Desde el punto de vista social, la evidencia de una desarrollada economía agropastoril levanta una pregunta clásica pero no menos fundamental para entender las dinámicas socioterritoriales del poblamiento prehispánico tardío: ¿los habitantes de la cuenca alta de Azapa formaban una misma comunidad agropastoril o existió una segmentación entre colectivos de agricultores y pastores? La pregunta resulta fundamental porque, más allá del mero ámbito socioeconómico, ésta se relaciona estrechamente con la problemática de las interacciones macro-rregionales de la cuenca alta de Azapa, e invita también a evaluar asuntos geopolíticos de la transecta andina del 18° Sur desde este prisma.

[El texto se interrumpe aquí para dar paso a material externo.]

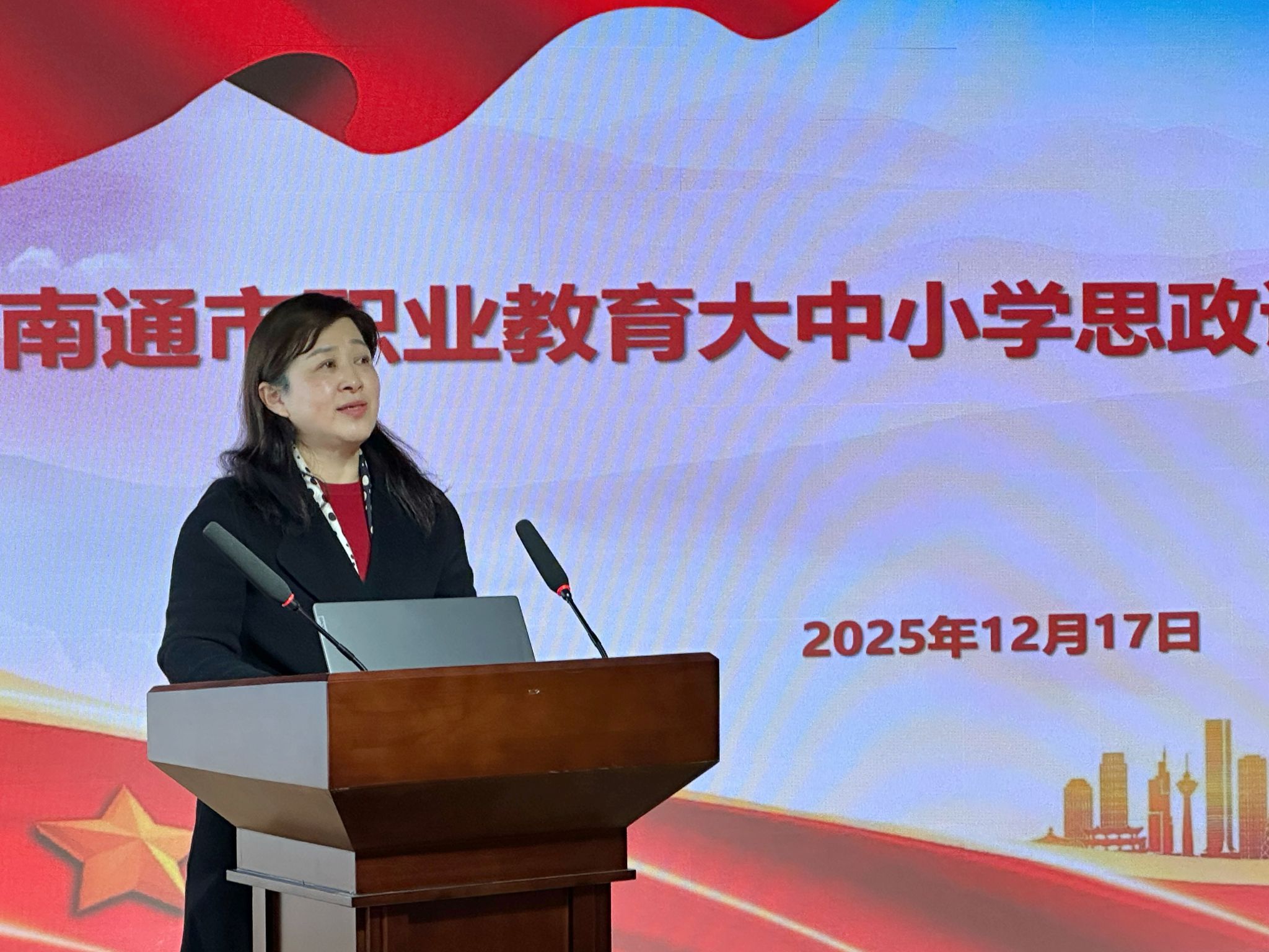 校党委副书记丛彬彬致欢迎辞。作为联盟牵头单位代表,她回顾总结了南通市职业教育“大中小学思政课一体化”联盟一年中的主要工作与成果,并强调联盟始终以“贯通学段、专思融合”为路径,推动思政教育与职业素养、地方产业深度融合。

En teoría, la economía agropastoril de la cuenca alta de Azapa podría explicarse tanto por dinámicas endógenas como exógenas. Asimismo, se podría plantear la hipótesis de un sistema autóctono, con un patrón de asentamiento plurirresidencial (con una eventual segmentación interna de territorios locales más o menos interdigitados) y una economía mixta agropastoril articulada por una micro-verticalidad comprendiendo la precordillera y el vecino Altiplano del Lauca (Romero 2005). Esta figura implicaría que las comunidades de precordillera habrían hecho uso directo del Altiplano del Lauca, lo que podría explicar la relativa escasez de grandes asentamientos habitacionales en la región occidental del Altiplano Caranga (Pilar Lima 2014; Villanueva 2015).35 Pero tal hipótesis implicaría también que este colectivo de campesinos —a la vez agricultores y pastores— hubiera revestido una misma identidad, mientras que las etnografías y los datos históricos sobre la complementariedad agropastoril, describen generalmente que, a pesar de compromisos sociales e imbricaciones territoriales, los colectivos andinos de agricultores y pastores formaban comunidades diferenciadas (Duviols 1973; Flores Ochoa 1977; Tomoeda 1985).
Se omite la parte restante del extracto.